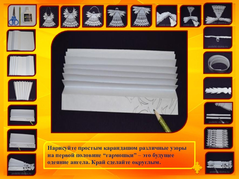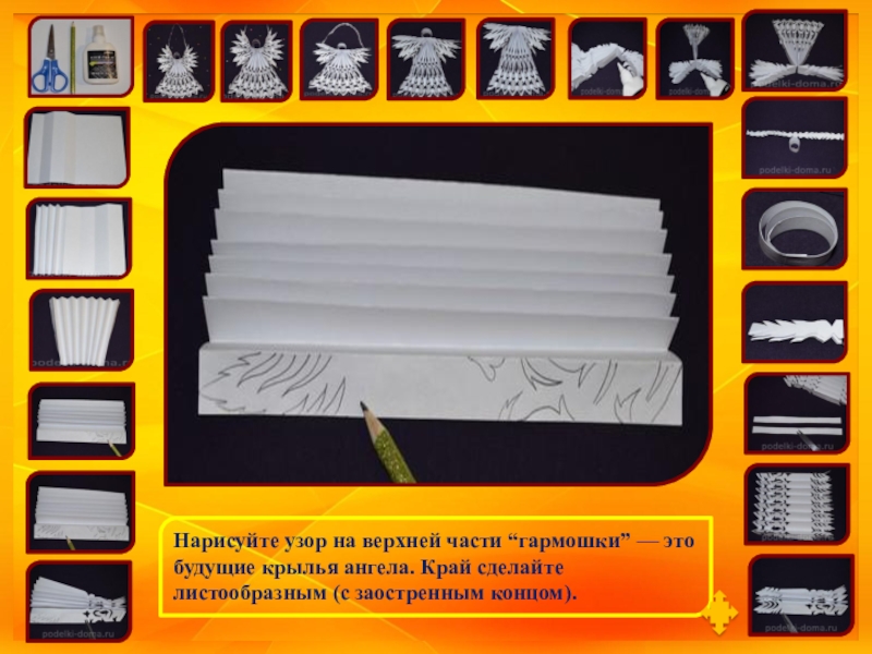 Слайд 9Нарисуйте узор на верхней части “гармошки” — это будущие крылья ангела.
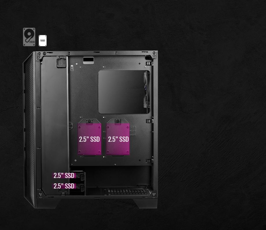 Como opciones de expansión se localizan seis bahías para discos duros (HDDs) de 3.5″ que también pueden usarse para instalar cuatro unidades de estado sólido (SSDs) de 2.5″. También se tiene espacio para instalar disipadores de CPU con altura de hasta 167mm y tarjetas de video con longitud de hasta 359mm.
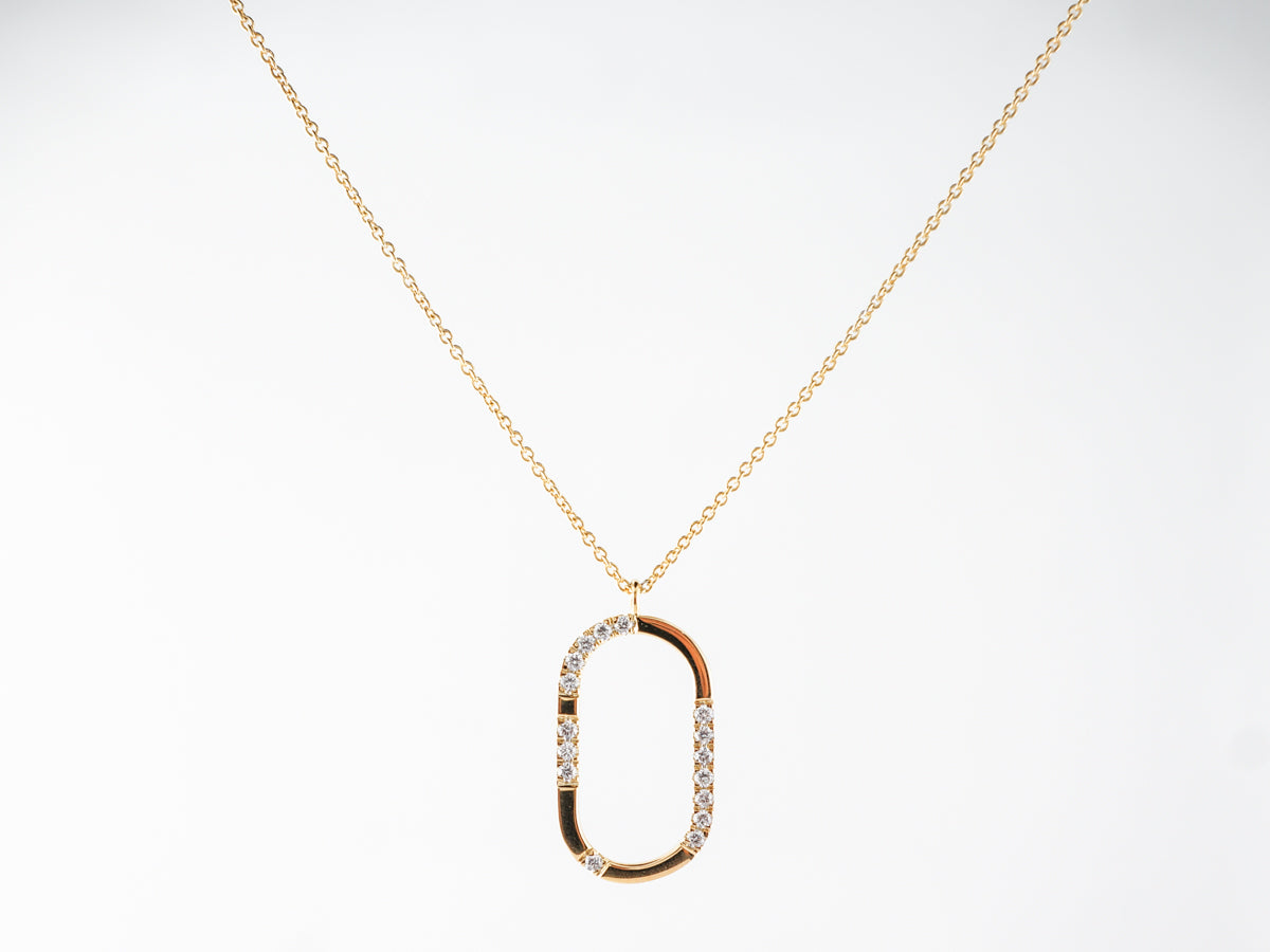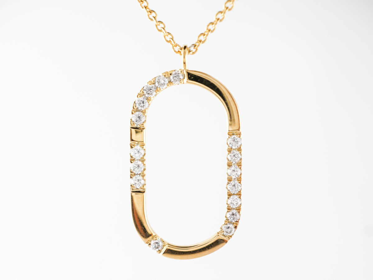 Circular Diamond Pendant in 18k Yellow Gold. This beautiful necklace features .14 carats of round brilliant cut diamonds which are finished in 18 karat yellow gold. The diamonds are seated on a gold oval pendant with flat sides lengthwise and are spaced out asymmetrically. The pendant hangs from a simple chain and presents a clean look that could be dressed up or dressed down for everyday wear.
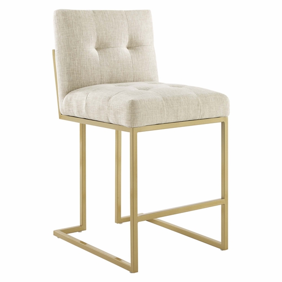 Maximize your dining room decor with Privy. A glam deco kitchen counter stool, Privy features soft and durable fabric upholstery for a streamlined modern look. This counter height stool rests atop a sleek gold stainless steel geometric base with a footrest that will elevate your dining experience. No assembly required. Counter Stool Weight Capacity: 331 lbs.
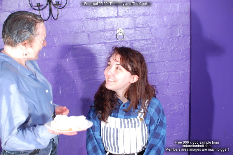 Milk down Evelyne's combats comes first, then custard gets poured in too. Then it's custard down the dungarees time for Lady Rose, who happily accepts her messy fate as Cook gets to work on her.

● **The task**:
The response must restate exactly the lines from the one containing "Circular Diamond Pendant" through the end of the records above and must leave out all pictures.

● **Exercise result**:
 Circular Diamond Pendant in 18k Yellow Gold. This beautiful necklace features .14 carats of round brilliant cut diamonds which are finished in 18 karat yellow gold. The diamonds are seated on a gold oval pendant with flat sides lengthwise and are spaced out asymmetrically. The pendant hangs from a simple chain and presents a clean look that could be dressed up or dressed down for everyday wear.
 Maximize your dining room decor with Privy. A glam deco kitchen counter stool, Privy features soft and durable fabric upholstery for a streamlined modern look. This counter height stool rests atop a sleek gold stainless steel geometric base with a footrest that will elevate your dining experience. No assembly required. Counter Stool Weight Capacity: 331 lbs.
 Milk down Evelyne's combats comes first, then custard gets poured in too. Then it's custard down the dungarees time for Lady Rose, who happily accepts her messy fate as Cook gets to work on her.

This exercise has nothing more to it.